[[ Data open ]]
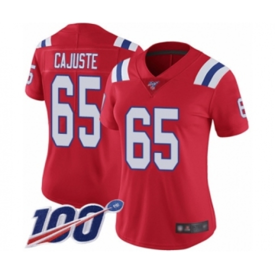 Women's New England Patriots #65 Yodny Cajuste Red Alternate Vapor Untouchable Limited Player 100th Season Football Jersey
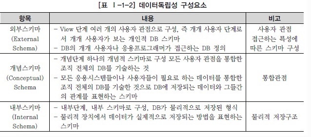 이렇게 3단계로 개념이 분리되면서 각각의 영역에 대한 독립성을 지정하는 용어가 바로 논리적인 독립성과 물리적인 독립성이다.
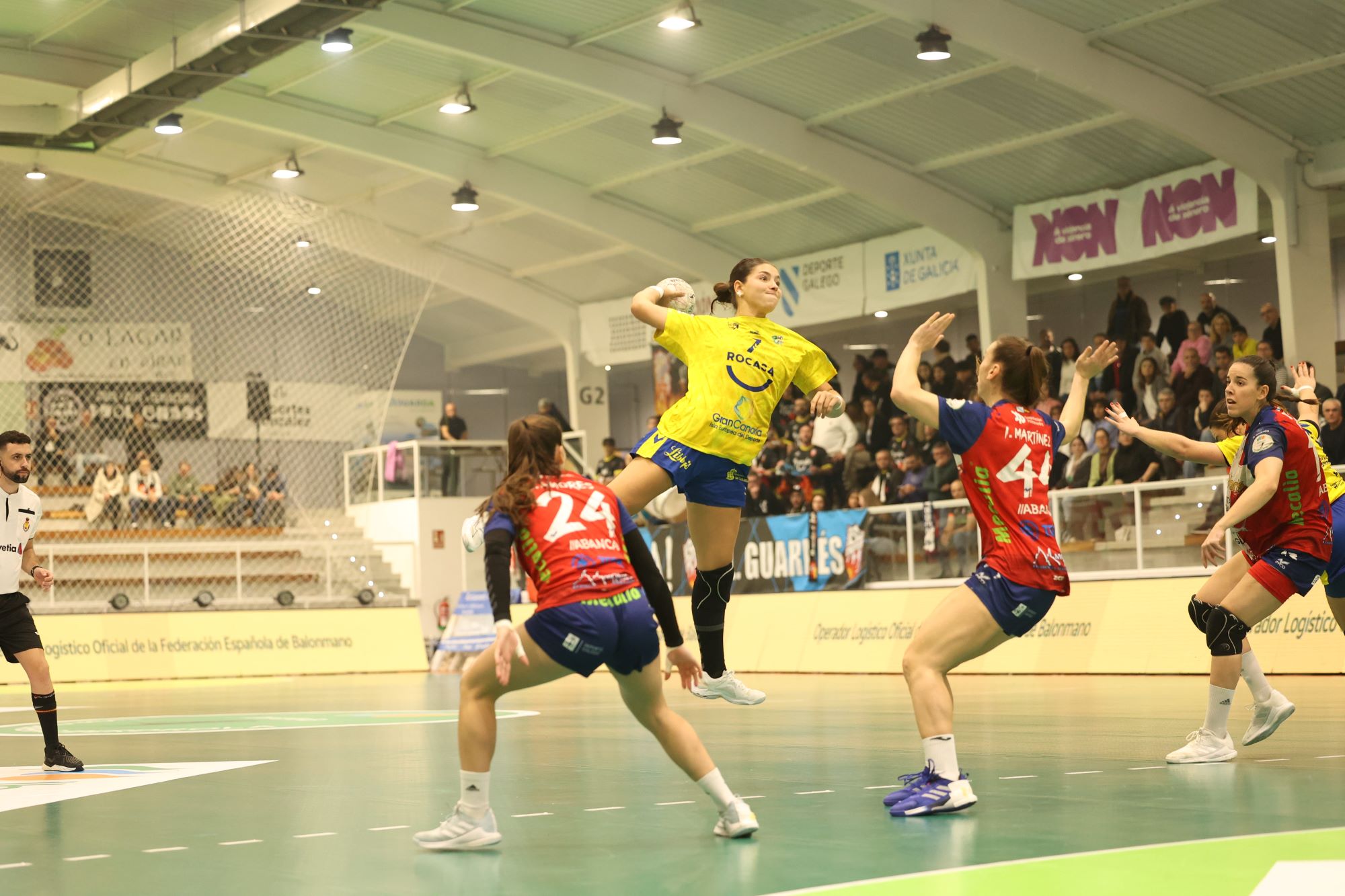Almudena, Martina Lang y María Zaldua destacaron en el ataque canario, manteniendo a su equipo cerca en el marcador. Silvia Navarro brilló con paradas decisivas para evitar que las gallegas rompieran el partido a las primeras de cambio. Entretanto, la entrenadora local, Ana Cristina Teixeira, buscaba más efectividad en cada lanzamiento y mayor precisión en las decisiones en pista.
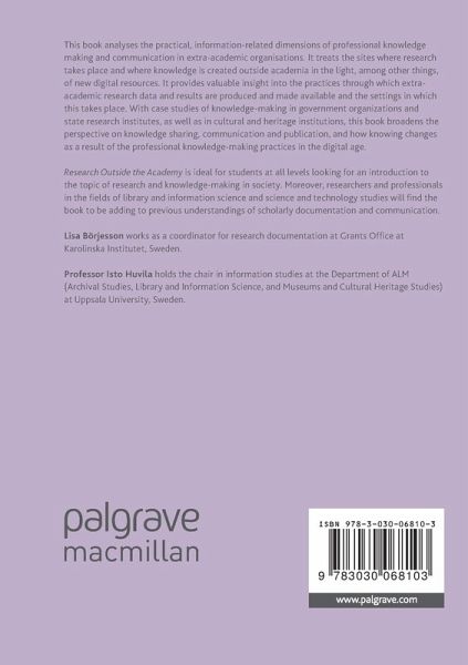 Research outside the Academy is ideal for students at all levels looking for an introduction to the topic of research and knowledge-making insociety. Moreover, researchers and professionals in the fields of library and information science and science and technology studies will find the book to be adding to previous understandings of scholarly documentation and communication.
[[ Data closed ]]
Aim of the exercise. All of the data must be given again exactly, without the pictures.

Output of the exercise.
 Women's New England Patriots #65 Yodny Cajuste Red Alternate Vapor Untouchable Limited Player 100th Season Football Jersey
 이렇게 3단계로 개념이 분리되면서 각각의 영역에 대한 독립성을 지정하는 용어가 바로 논리적인 독립성과 물리적인 독립성이다.
Almudena, Martina Lang y María Zaldua destacaron en el ataque canario, manteniendo a su equipo cerca en el marcador. Silvia Navarro brilló con paradas decisivas para evitar que las gallegas rompieran el partido a las primeras de cambio. Entretanto, la entrenadora local, Ana Cristina Teixeira, buscaba más efectividad en cada lanzamiento y mayor precisión en las decisiones en pista.
 Research outside the Academy is ideal for students at all levels looking for an introduction to the topic of research and knowledge-making insociety. Moreover, researchers and professionals in the fields of library and information science and science and technology studies will find the book to be adding to previous understandings of scholarly documentation and communication.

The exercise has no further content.